Why is Risk Assessment Still So Manual for Small Insurance Brokers?

Most independent insurance agencies rely heavily on Agency Management Systems (AMS) such as Applied Epic, Vertafore, or HawkSoft for managing client relationships and structured policy data. While these platforms excel at organization and data retrieval for defined fields, they face inherent limitations when processing the wealth of unstructured documents that are central to underwriting risk. Your AMS can store a 40-page PDF detailing an insured's operations, but it lacks the native intelligence to read, interpret, and extract the critical risk factors hidden within that text. This often forces your most experienced underwriters to spend valuable time acting as human parsing engines.

Consider a 15-person commercial lines agency quoting a general liability policy for a new manufacturing client. Beyond the standard ACORD forms, the client submits a 30-page supplemental document covering their safety protocols, supply chain details, subcontractor agreements, and environmental compliance records. An underwriter must manually review this extensive document, often searching for specific terms, clauses, or operational details that could significantly alter the risk profile. A subtle mention of 'hazardous waste disposal' on page 12, or 'subcontractor indemnity limited to specific claims' in an addendum, can dramatically change the policy's pricing and terms. Missing such a detail could lead to a mispriced policy and a substantial loss for the agency.

This manual review process is not only time-consuming—typically taking an experienced underwriter 30-45 minutes per application—but its accuracy is entirely contingent on their focus, experience, and energy level on a given day. There is no systemic safety net to ensure every key risk factor is caught consistently. Junior underwriters, in particular, are prone to overlooking subtle but critical details, leading to potential E&O exposure or missed revenue opportunities. The core issue is that AMS platforms are optimized as databases for structured data entry and retrieval, not as analytical engines equipped for natural language processing or contextual understanding.
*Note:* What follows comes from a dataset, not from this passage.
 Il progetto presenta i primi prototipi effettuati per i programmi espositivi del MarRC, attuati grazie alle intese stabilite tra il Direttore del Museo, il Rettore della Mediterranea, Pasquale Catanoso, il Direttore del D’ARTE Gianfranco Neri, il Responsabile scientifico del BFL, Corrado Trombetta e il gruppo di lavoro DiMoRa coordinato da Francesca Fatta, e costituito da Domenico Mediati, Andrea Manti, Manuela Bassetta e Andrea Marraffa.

This structural gap diverts skilled personnel from high-level underwriting decisions to labor-intensive document analysis.

Our Approach

How Syntora Would Build an AI-Powered Underwriting Assistant

An engagement focused on improving risk assessment would typically commence with a detailed discovery process. Syntora would first audit your current underwriting workflow, examining the types of applications, supplemental documents, and data sources your agency handles. We would review a representative sample (e.g., 5-10 recent, anonymized application packages) to map the diverse data inputs, identify the specific risk factors your underwriters currently seek, and collaboratively define what constitutes a 'high-risk' profile based on your agency's expertise and historical data. This initial phase culminates in a comprehensive scope document, detailing the proposed data model, the specific risk factors to be identified, and the planned integration points with your existing AMS or other systems.
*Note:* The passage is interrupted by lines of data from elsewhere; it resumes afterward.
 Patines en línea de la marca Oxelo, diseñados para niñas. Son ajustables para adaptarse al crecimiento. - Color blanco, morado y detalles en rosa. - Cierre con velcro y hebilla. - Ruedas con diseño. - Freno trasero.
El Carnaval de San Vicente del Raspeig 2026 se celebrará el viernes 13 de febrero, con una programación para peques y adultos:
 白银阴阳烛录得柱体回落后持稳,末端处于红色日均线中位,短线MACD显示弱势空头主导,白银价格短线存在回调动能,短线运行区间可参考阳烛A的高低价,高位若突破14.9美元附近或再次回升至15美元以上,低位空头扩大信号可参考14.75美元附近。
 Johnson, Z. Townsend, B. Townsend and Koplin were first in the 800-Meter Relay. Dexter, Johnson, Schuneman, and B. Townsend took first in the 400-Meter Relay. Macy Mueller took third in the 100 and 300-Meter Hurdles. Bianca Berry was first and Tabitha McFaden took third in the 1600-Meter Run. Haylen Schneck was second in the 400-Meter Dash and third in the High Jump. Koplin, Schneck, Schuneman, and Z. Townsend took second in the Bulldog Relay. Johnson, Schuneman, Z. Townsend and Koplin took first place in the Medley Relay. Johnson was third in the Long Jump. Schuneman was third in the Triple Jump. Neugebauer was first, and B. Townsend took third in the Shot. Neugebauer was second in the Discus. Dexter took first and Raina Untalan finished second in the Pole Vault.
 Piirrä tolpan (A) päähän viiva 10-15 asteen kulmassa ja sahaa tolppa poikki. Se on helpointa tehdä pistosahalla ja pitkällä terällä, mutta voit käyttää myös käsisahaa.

For the core system, a scalable AI pipeline would be designed and built, typically leveraging cloud-native services like AWS Lambda for event-driven processing. When a new application document is ingested—whether uploaded to a designated folder, attached to an email, or automatically pulled via an integration from your AMS like Applied Epic or Vertafore—a Lambda function would trigger. This function would send the document's content to the Claude API, which would parse the text. This process goes beyond simple keyword searching; the model is fine-tuned to understand the context of insurance-specific language, identifying complex relationships and nuanced risk indicators. Syntora has experience building similar document processing pipelines using Claude API for sensitive financial documents, and the same pattern applies to extracting critical details from insurance supplements.
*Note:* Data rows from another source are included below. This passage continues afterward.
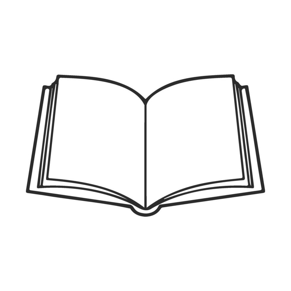 Simple outline of an open book with blank pages in black and white Pro Vector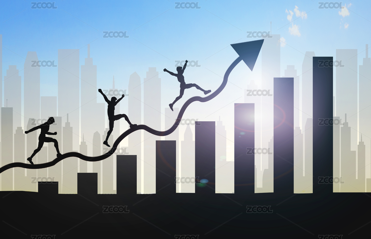 商务人物和崛起的箭头Business people and the rise of the arrow
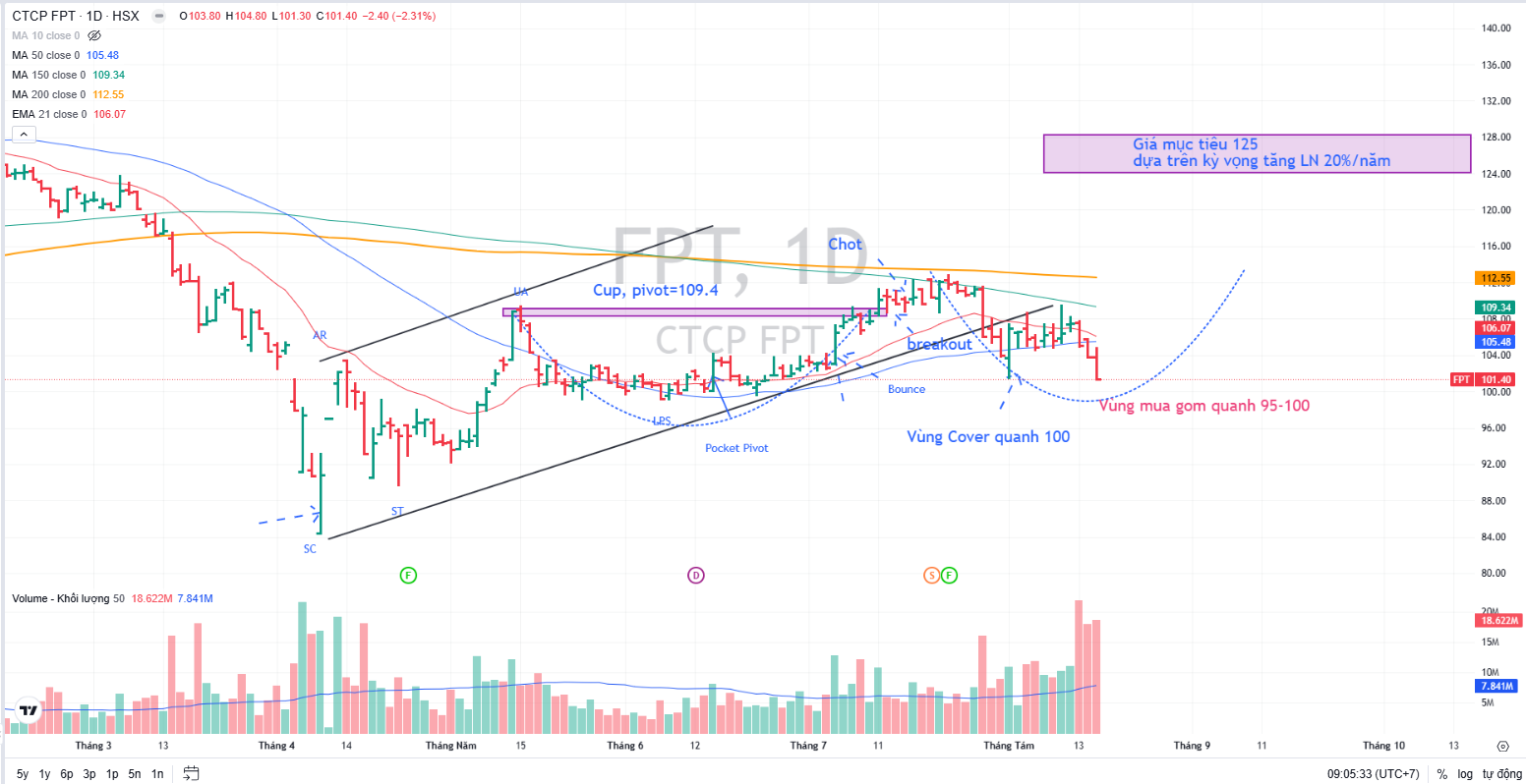 Elibook Team vẫn tin tưởng về khả năng FPT duy trì được lợi thế cạnh tranh và trở lại con số tăng trưởng lợi nhuận 20% vào năm 2026. Nhà đầu tư có thể canh mua gom cổ phiếu FPT ở vùng giá 95-100, với kỳ vọng giá mục tiêu 120-125,000.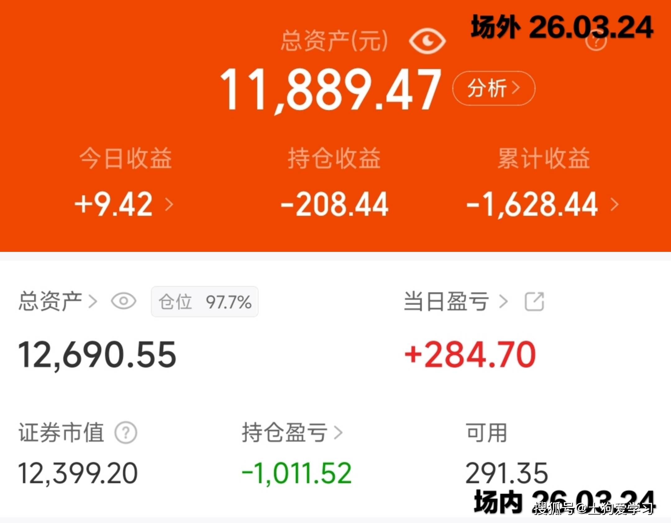 26.03.24 基金盈收294元~ 场内盈收285元;场外盈收9元。

A FastAPI service would expose a secure, authenticated endpoint to manage document ingestion, processing, and retrieval of results, ensuring data integrity and access control. All extracted insights, identified risks, and processing logs would be securely stored in a Supabase PostgreSQL database, providing a auditable trail. The final delivered system would integrate directly into your existing workflow. For instance, the AI's analysis—a concise summary of identified risks, each with a severity score and a direct quote from the source document—would be automatically posted as a note or flagged alert on the client's record within your Applied Epic, Vertafore, or HawkSoft system. Your underwriters would then see the AI's analysis precisely where they already work, allowing them to verify critical risks in seconds rather than spending extensive time manually searching. Typical build timelines for an AI system of this complexity, including discovery, development, and integration, often range from 12-20 weeks, depending on the variety of document types and required integrations. Your agency would need to provide anonymized sample documents, access to relevant system APIs or secure ingestion points, and dedicated subject matter expert time for workflow mapping and validation.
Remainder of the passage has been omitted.